═══ Task data

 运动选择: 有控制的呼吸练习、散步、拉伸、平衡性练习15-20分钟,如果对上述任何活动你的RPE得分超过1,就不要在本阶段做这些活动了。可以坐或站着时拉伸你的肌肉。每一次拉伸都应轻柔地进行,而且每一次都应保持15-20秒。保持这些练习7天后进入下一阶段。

══════
═══ Task data

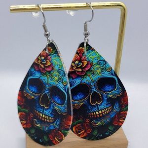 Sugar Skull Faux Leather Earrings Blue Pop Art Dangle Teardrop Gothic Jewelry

══════
═══ Task data

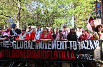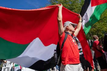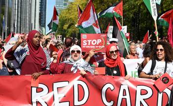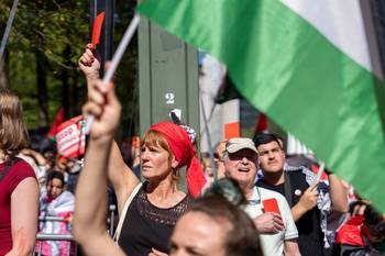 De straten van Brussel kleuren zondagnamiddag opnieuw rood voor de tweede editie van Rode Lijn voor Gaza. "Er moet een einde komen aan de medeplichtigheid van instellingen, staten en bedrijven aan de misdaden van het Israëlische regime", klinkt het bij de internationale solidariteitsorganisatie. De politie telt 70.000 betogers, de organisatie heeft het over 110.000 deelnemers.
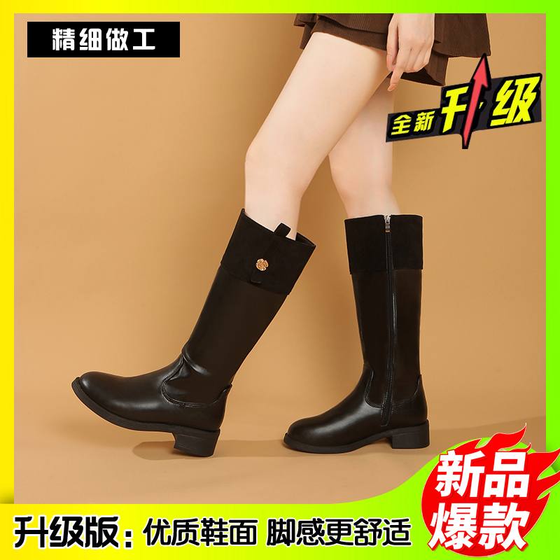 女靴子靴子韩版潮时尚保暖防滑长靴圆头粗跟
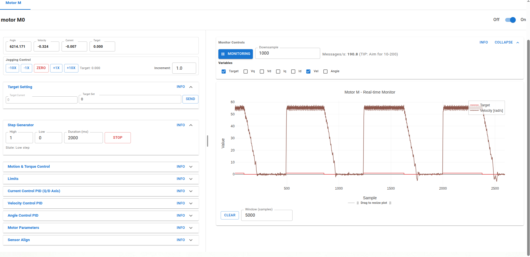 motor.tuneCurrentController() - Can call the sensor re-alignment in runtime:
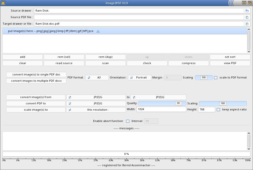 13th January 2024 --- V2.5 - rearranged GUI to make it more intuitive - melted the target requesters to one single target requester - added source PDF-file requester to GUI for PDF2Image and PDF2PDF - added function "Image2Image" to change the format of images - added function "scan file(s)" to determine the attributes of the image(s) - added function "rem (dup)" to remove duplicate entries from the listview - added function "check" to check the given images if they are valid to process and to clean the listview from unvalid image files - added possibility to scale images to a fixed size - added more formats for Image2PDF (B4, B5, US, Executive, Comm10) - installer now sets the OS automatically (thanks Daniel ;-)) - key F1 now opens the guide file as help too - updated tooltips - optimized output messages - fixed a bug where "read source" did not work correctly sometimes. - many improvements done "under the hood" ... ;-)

══════

Reproduce the lines above beginning at the line that contains "女靴子靴子韩版潮时尚保暖防滑长靴圆头粗跟" and ending at the line that contains "13th January 2024". No pictures.

Exercise result >>
 女靴子靴子韩版潮时尚保暖防滑长靴圆头粗跟
 motor.tuneCurrentController() - Can call the sensor re-alignment in runtime:
 13th January 2024 --- V2.5 - rearranged GUI to make it more intuitive - melted the target requesters to one single target requester - added source PDF-file requester to GUI for PDF2Image and PDF2PDF - added function "Image2Image" to change the format of images - added function "scan file(s)" to determine the attributes of the image(s) - added function "rem (dup)" to remove duplicate entries from the listview - added function "check" to check the given images if they are valid to process and to clean the listview from unvalid image files - added possibility to scale images to a fixed size - added more formats for Image2PDF (B4, B5, US, Executive, Comm10) - installer now sets the OS automatically (thanks Daniel ;-)) - key F1 now opens the guide file as help too - updated tooltips - optimized output messages - fixed a bug where "read source" did not work correctly sometimes. - many improvements done "under the hood" ... ;-)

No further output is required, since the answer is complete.